═══ The input

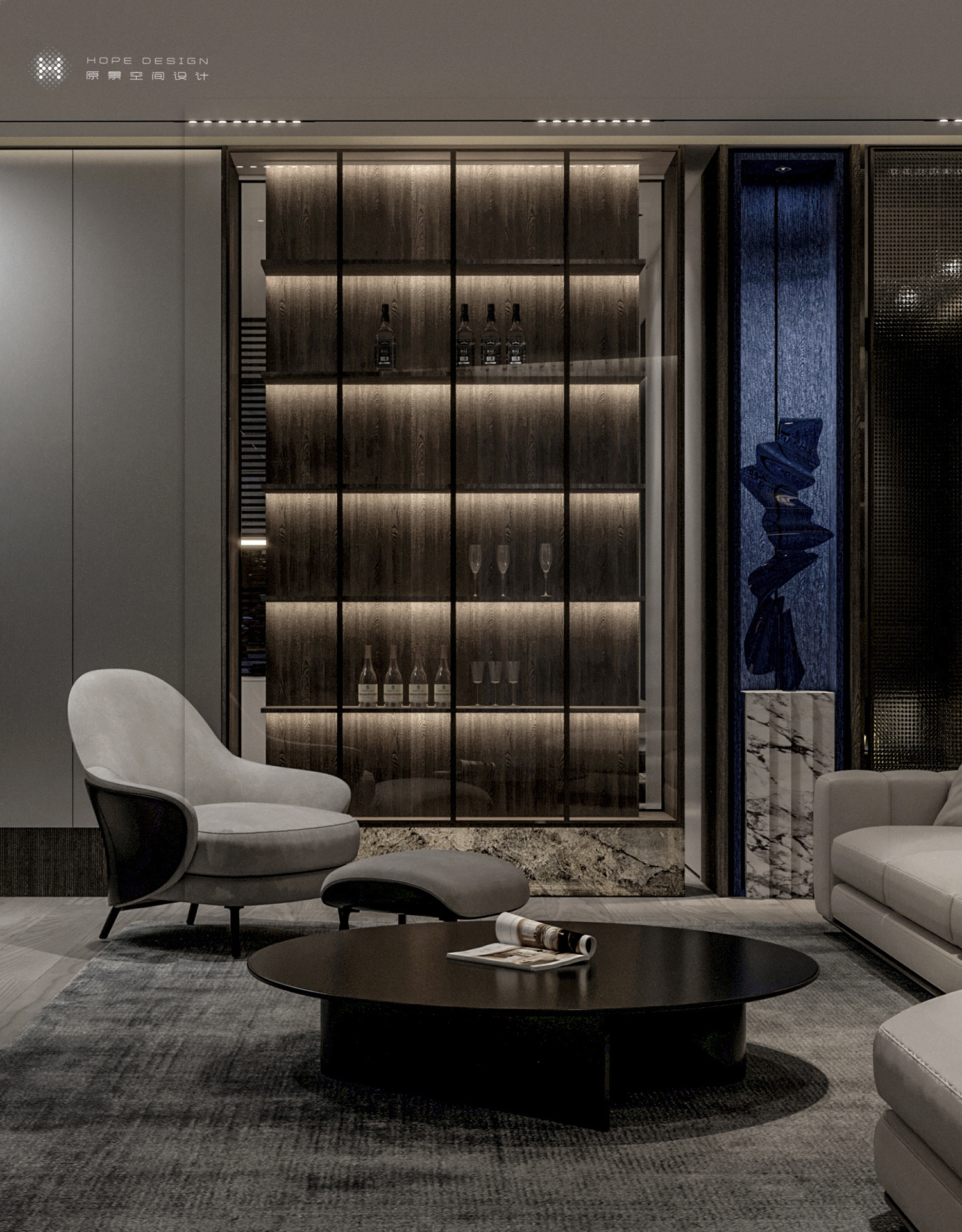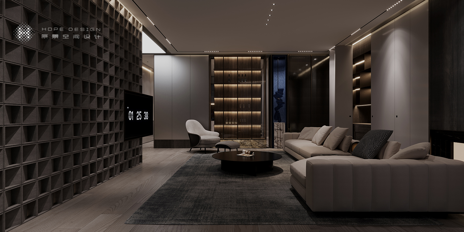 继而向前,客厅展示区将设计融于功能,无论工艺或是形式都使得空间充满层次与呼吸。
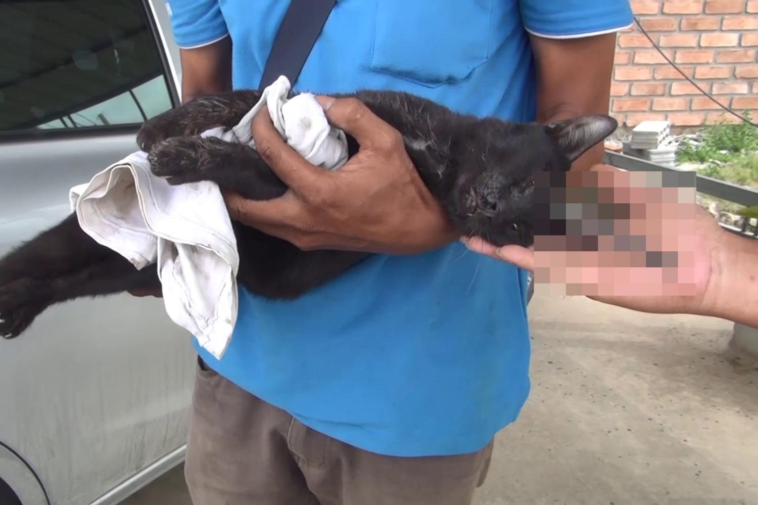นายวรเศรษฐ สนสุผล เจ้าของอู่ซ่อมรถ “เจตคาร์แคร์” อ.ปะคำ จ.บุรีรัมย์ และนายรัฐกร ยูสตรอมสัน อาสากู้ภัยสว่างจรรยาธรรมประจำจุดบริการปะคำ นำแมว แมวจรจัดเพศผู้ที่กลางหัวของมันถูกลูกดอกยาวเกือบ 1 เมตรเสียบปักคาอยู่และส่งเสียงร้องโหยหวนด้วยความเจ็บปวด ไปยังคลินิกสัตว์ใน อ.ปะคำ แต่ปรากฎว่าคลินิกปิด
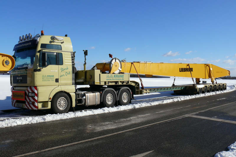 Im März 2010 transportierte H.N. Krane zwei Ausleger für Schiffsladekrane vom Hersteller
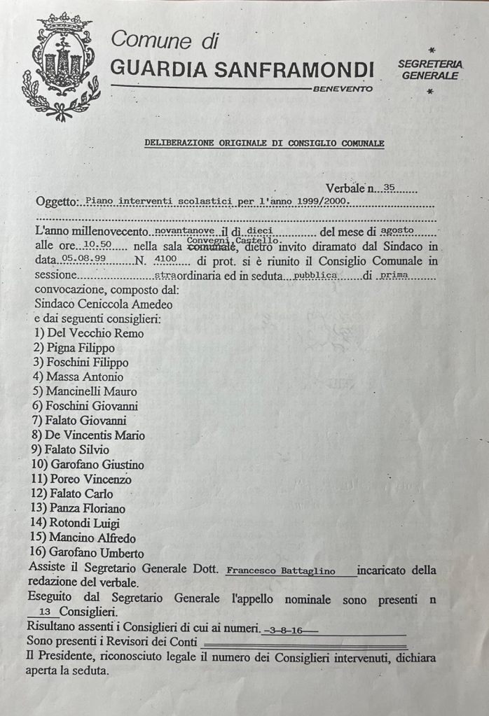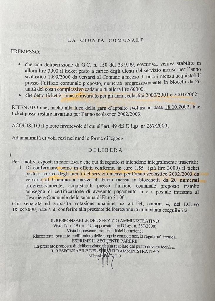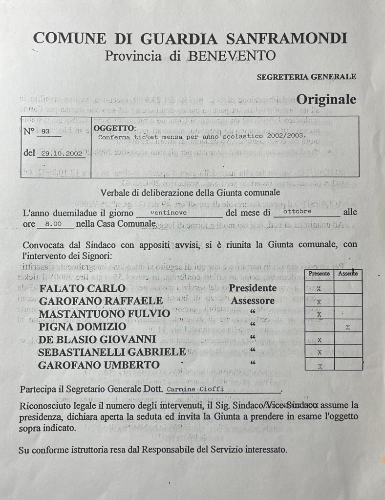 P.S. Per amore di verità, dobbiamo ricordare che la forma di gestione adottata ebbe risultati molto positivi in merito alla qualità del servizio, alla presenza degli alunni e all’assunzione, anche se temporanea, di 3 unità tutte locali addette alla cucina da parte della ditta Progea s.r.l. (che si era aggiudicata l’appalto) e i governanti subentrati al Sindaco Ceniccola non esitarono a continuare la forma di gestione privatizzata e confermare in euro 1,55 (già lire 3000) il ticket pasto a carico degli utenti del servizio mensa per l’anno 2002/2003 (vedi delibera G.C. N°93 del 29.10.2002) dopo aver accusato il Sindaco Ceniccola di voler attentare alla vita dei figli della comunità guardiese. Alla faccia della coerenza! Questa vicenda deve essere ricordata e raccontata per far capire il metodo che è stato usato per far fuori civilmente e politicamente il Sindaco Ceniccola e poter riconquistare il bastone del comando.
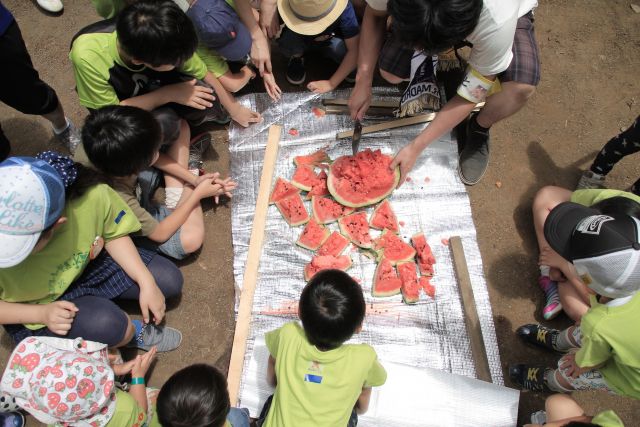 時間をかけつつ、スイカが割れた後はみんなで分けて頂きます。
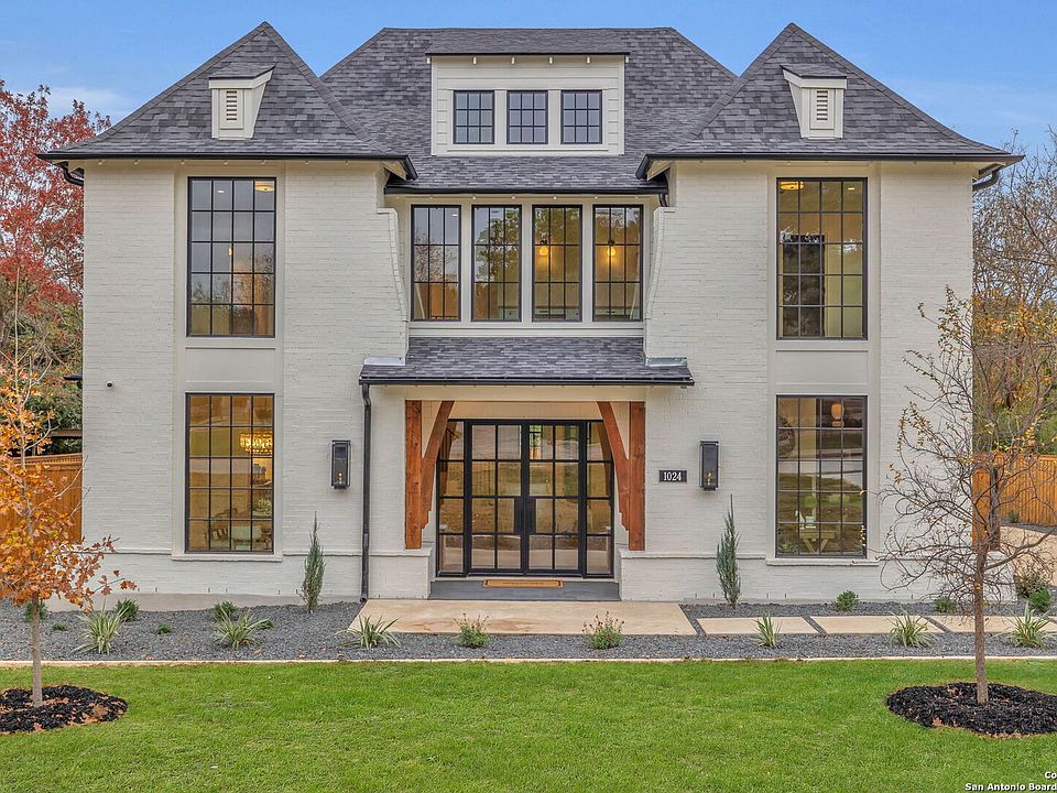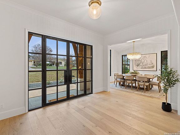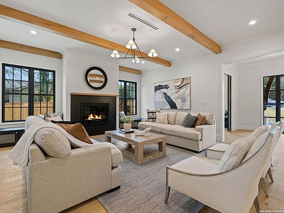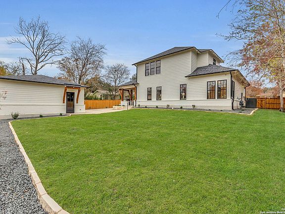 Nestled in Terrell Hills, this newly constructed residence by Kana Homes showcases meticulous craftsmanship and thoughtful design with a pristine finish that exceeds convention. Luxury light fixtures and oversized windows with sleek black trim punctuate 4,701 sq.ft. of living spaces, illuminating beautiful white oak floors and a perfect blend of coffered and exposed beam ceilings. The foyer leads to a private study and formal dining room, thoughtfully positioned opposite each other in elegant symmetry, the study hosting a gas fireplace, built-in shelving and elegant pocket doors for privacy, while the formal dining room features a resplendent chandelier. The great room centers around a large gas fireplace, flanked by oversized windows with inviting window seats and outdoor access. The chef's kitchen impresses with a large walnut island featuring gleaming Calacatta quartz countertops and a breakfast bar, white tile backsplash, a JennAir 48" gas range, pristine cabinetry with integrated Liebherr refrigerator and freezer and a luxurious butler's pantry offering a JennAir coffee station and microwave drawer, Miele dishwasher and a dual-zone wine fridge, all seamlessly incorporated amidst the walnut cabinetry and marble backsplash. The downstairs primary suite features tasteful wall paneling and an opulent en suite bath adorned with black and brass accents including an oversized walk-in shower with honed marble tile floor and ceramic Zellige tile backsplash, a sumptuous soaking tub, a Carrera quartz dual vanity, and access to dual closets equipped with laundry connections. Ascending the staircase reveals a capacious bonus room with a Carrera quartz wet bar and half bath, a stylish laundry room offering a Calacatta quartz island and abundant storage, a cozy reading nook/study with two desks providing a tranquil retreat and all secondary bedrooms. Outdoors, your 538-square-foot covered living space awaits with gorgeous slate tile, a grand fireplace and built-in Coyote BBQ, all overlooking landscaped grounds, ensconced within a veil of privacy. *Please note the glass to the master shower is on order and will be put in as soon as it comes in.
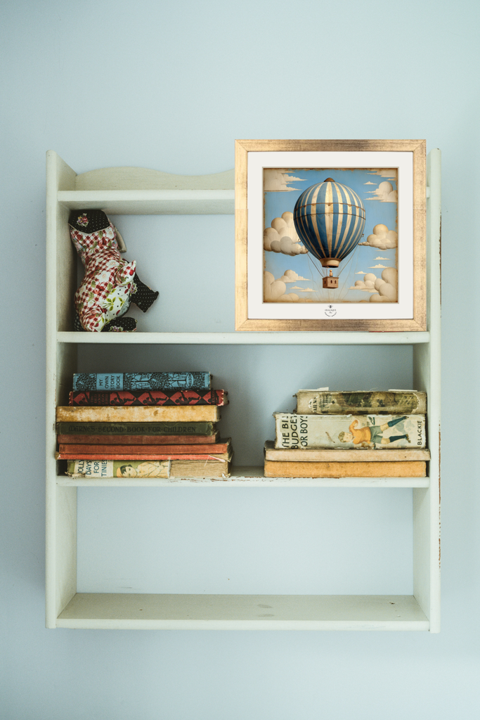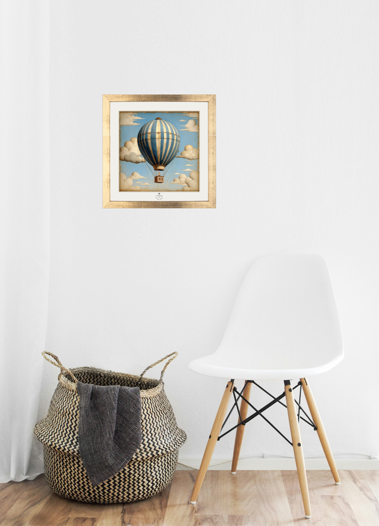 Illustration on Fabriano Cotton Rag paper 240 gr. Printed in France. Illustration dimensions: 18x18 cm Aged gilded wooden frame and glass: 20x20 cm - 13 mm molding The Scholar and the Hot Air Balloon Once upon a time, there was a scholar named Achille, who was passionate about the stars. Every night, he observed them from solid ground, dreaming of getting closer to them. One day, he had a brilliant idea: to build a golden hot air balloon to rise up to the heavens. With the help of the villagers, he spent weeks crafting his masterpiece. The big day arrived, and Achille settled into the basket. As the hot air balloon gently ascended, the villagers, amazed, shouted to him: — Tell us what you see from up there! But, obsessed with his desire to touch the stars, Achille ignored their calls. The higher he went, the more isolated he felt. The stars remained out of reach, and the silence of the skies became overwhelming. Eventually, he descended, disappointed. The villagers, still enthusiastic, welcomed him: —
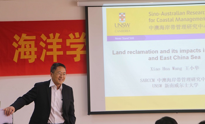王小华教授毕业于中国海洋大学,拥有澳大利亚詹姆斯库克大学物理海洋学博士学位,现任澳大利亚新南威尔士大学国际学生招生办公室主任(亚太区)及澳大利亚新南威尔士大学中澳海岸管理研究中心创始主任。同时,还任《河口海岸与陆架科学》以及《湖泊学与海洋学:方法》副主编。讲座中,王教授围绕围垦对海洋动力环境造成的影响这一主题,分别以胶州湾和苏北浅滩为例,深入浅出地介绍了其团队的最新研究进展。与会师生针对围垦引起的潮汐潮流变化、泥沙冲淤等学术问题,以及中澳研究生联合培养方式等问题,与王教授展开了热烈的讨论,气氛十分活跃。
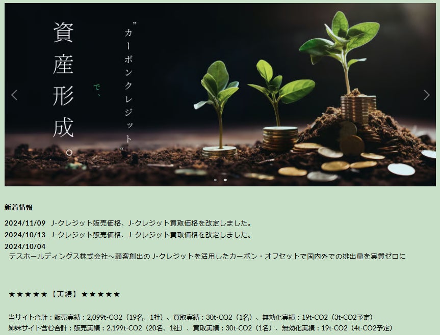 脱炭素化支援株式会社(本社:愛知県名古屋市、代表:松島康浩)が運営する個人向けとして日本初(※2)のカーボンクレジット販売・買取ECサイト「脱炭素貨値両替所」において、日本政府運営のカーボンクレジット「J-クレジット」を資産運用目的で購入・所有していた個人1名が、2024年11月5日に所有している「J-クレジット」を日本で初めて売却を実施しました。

══════

## What you are asked to do
Pictures are to be left out while the lines from the beginning of the records through the line with "Im März 2010" are copied word for word.

## Exercise result
 继而向前,客厅展示区将设计融于功能,无论工艺或是形式都使得空间充满层次与呼吸。
นายวรเศรษฐ สนสุผล เจ้าของอู่ซ่อมรถ “เจตคาร์แคร์” อ.ปะคำ จ.บุรีรัมย์ และนายรัฐกร ยูสตรอมสัน อาสากู้ภัยสว่างจรรยาธรรมประจำจุดบริการปะคำ นำแมว แมวจรจัดเพศผู้ที่กลางหัวของมันถูกลูกดอกยาวเกือบ 1 เมตรเสียบปักคาอยู่และส่งเสียงร้องโหยหวนด้วยความเจ็บปวด ไปยังคลินิกสัตว์ใน อ.ปะคำ แต่ปรากฎว่าคลินิกปิด
 Im März 2010 transportierte H.N. Krane zwei Ausleger für Schiffsladekrane vom Hersteller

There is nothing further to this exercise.